## Task statement
Reproduce every record below exactly, without the pictures.

## Given data
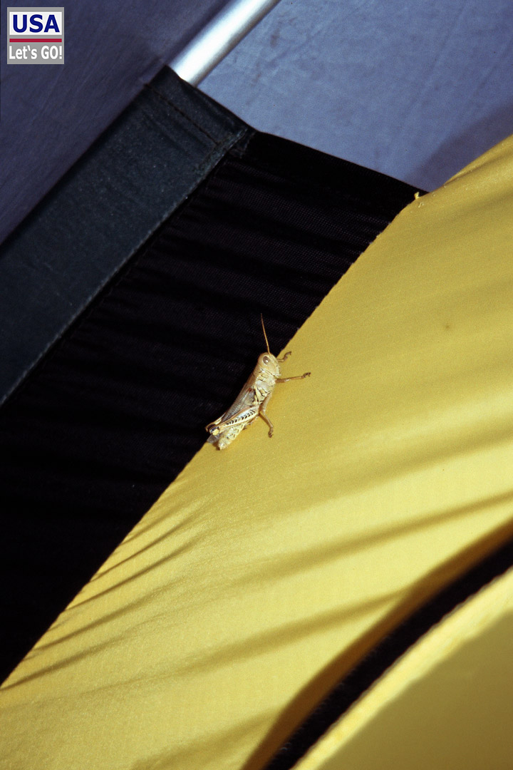 Müde und hungrig kamen wir beim Campingplatz an, wo sich Anja provisorisch den Staub des Tages abwusch. Besuch bekamen wir von einem schönen Grashüpfer, der sich auf unserem Zelt niederließ.
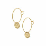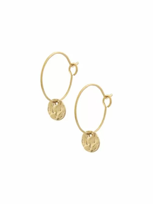 Fijne vergulde oorringen met gehamerd muntje. De totale lengte van de oorbellen is 2.9cm. Het gehamerde muntje heeft een diameter va 1 cm. Zware goudplating op een longlasting stainless steel.
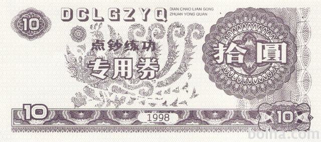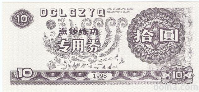 Prodam bankovec 10 YUAN IN 10 YUAN (KITAJSKA RAZVOJNA BANKA - CHINA CONSTRUCTION BANK) 1998, UNC kvalitete..CENA JE ZA 1 BANKOVEC
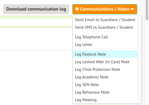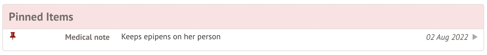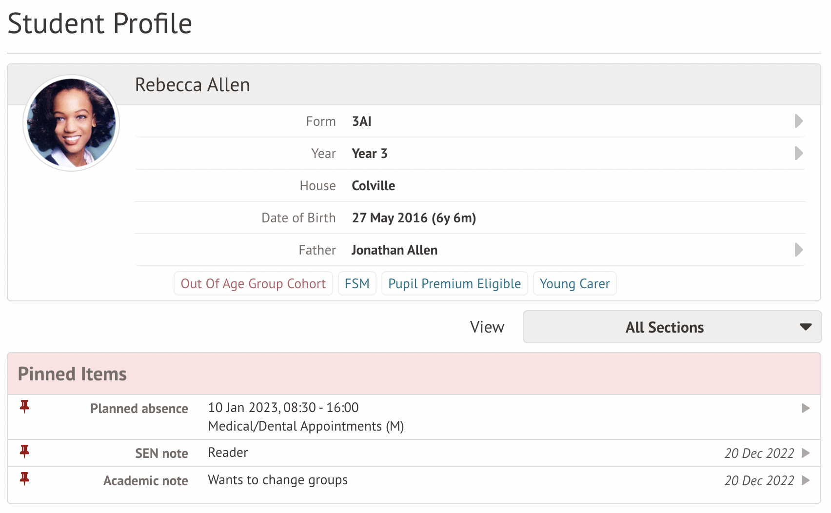 The Pinned notes column will display pastoral notes, behaviour notes, SEN/ALN notes and safeguarding notes that have been pinned to the top of the student profile. We do not display Child protection notes or any other kind of pinnable note here.
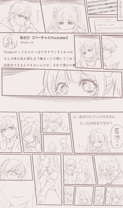 大変お待たせしました。今回は漫画ものです。私の視点で観測した尊みだけで構成されておりますゆえこの二人の絡みに対する苦情は一切認めておりません。(パイナポゥ)#クソメガネ #asahich #アンチアート #薬袋カルテ #karte_ns
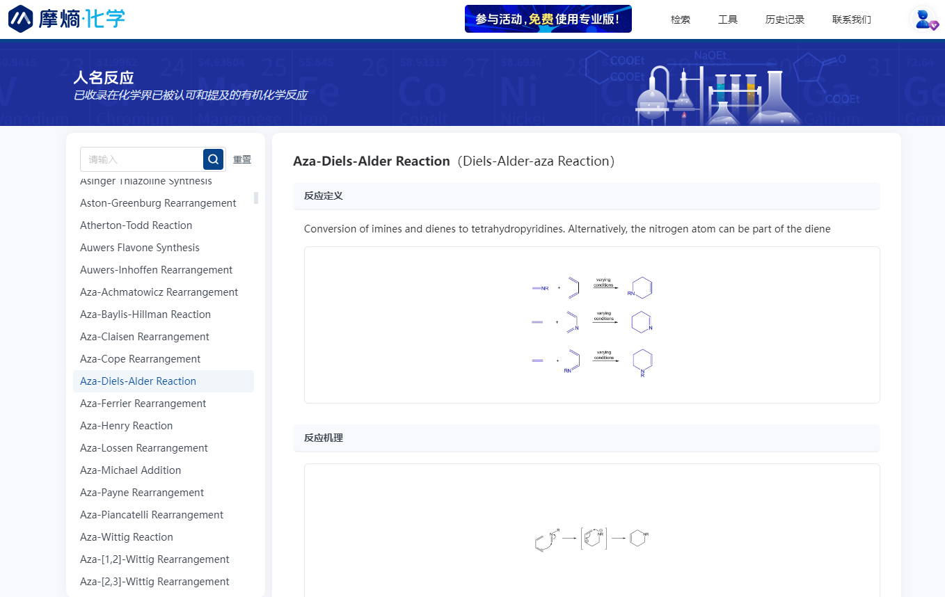 上述反应机理图片小编都是在摩熵化学 看的哦,有感兴趣的小伙伴可以自行查看,摩熵化学设有专门的"人名反应"板块。不仅提供反应文字描述,更常包含反应机理图示和相关示例,示例包括反应描述和参考文献,可了解到最新研究文献和应用进展。
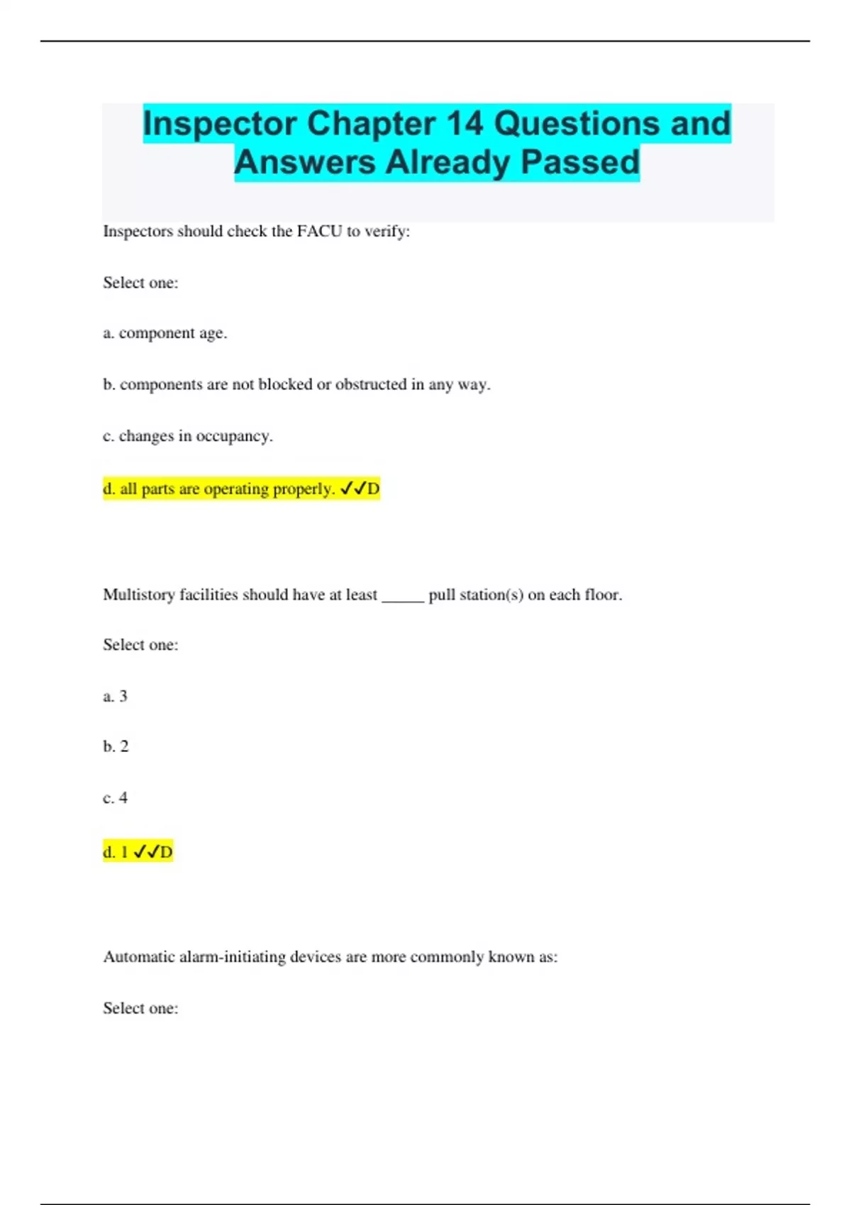 Inspector Chapter 14 Questions and Answers Already Passed Inspectors should check the FACU to verify: Select one: a. component age. b. components are not blocked or obstructed in any way. c. changes in occupancy. d. all parts are operating properly. D Multistory facilities should have at least _____ pull station(s) on each floor. Select one: a. 3 b. 2 c. 4 d. 1 D Automatic alarm-initiating devices are more commonly known as: Select one: a. detectors. b. alarms. c. activators. d. initiators. A During a monthly test for alarm signaling systems using backup electrical generators, how long should a generator run under load? Select one: a. 60 minutes b. 30 minutes c. 20 minutes d. 15 minutes B Which type of flame detector is effective in monitoring large areas such as aircraft hangars and computer rooms? Select one: a. Photoelectric detectors b. Combination detectors c. Ultraviolet detectors d. Infrared detectors D A permanent record of all detector tests must be maintained for at least: Select one: a. 3 years b. 10 years c. 5 years d. 25 years C What do heat detectors require in order to be effective? Select one: a. Professional installation b. Continuous testing c. Proper placement d. 24-hour monitoring C All components of emergency voice/alarm systems should be tested at least: Select one: a. semiannually. b. monthly. c. annually. d. weekly. C
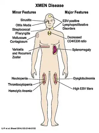 4. ^ a b c d e Li FY, Chaigne-Delalande B, Su H, Uzel G, Matthews H, Lenardo MJ (April 2014). "XMEN disease: a new primary immunodeficiency affecting Mg2+ regulation of immunity against Epstein-Barr virus". Blood. 123 (14): 2148–52. doi:10.1182/blood-2013-11-538686. PMC 3975255. PMID 24550228.
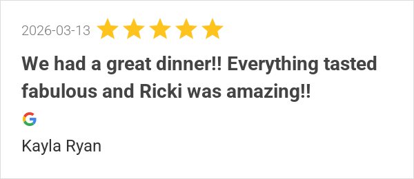 We had a great dinner!! Everything tasted fabulous and Ricki...
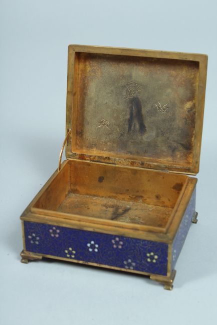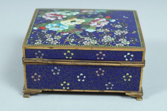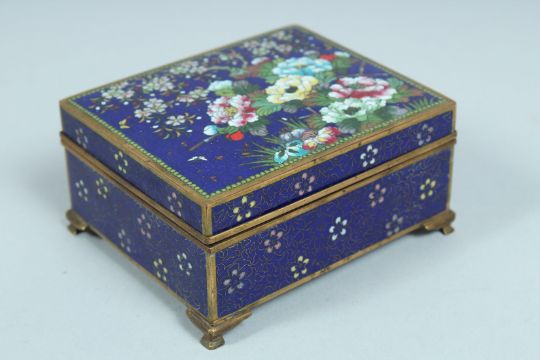 A JAPANESE CLOISONNE ENAMEL BOX AND COVER.

## Result of the exercise
 Müde und hungrig kamen wir beim Campingplatz an, wo sich Anja provisorisch den Staub des Tages abwusch. Besuch bekamen wir von einem schönen Grashüpfer, der sich auf unserem Zelt niederließ.
 Fijne vergulde oorringen met gehamerd muntje. De totale lengte van de oorbellen is 2.9cm. Het gehamerde muntje heeft een diameter va 1 cm. Zware goudplating op een longlasting stainless steel.
 Prodam bankovec 10 YUAN IN 10 YUAN (KITAJSKA RAZVOJNA BANKA - CHINA CONSTRUCTION BANK) 1998, UNC kvalitete..CENA JE ZA 1 BANKOVEC
 The Pinned notes column will display pastoral notes, behaviour notes, SEN/ALN notes and safeguarding notes that have been pinned to the top of the student profile. We do not display Child protection notes or any other kind of pinnable note here.
 大変お待たせしました。今回は漫画ものです。私の視点で観測した尊みだけで構成されておりますゆえこの二人の絡みに対する苦情は一切認めておりません。(パイナポゥ)#クソメガネ #asahich #アンチアート #薬袋カルテ #karte_ns
 上述反应机理图片小编都是在摩熵化学 看的哦,有感兴趣的小伙伴可以自行查看,摩熵化学设有专门的"人名反应"板块。不仅提供反应文字描述,更常包含反应机理图示和相关示例,示例包括反应描述和参考文献,可了解到最新研究文献和应用进展。
 Inspector Chapter 14 Questions and Answers Already Passed Inspectors should check the FACU to verify: Select one: a. component age. b. components are not blocked or obstructed in any way. c. changes in occupancy. d. all parts are operating properly. D Multistory facilities should have at least _____ pull station(s) on each floor. Select one: a. 3 b. 2 c. 4 d. 1 D Automatic alarm-initiating devices are more commonly known as: Select one: a. detectors. b. alarms. c. activators. d. initiators. A During a monthly test for alarm signaling systems using backup electrical generators, how long should a generator run under load? Select one: a. 60 minutes b. 30 minutes c. 20 minutes d. 15 minutes B Which type of flame detector is effective in monitoring large areas such as aircraft hangars and computer rooms? Select one: a. Photoelectric detectors b. Combination detectors c. Ultraviolet detectors d. Infrared detectors D A permanent record of all detector tests must be maintained for at least: Select one: a. 3 years b. 10 years c. 5 years d. 25 years C What do heat detectors require in order to be effective? Select one: a. Professional installation b. Continuous testing c. Proper placement d. 24-hour monitoring C All components of emergency voice/alarm systems should be tested at least: Select one: a. semiannually. b. monthly. c. annually. d. weekly. C
 4. ^ a b c d e Li FY, Chaigne-Delalande B, Su H, Uzel G, Matthews H, Lenardo MJ (April 2014). "XMEN disease: a new primary immunodeficiency affecting Mg2+ regulation of immunity against Epstein-Barr virus". Blood. 123 (14): 2148–52. doi:10.1182/blood-2013-11-538686. PMC 3975255. PMID 24550228.
 We had a great dinner!! Everything tasted fabulous and Ricki...
 A JAPANESE CLOISONNE ENAMEL BOX AND COVER.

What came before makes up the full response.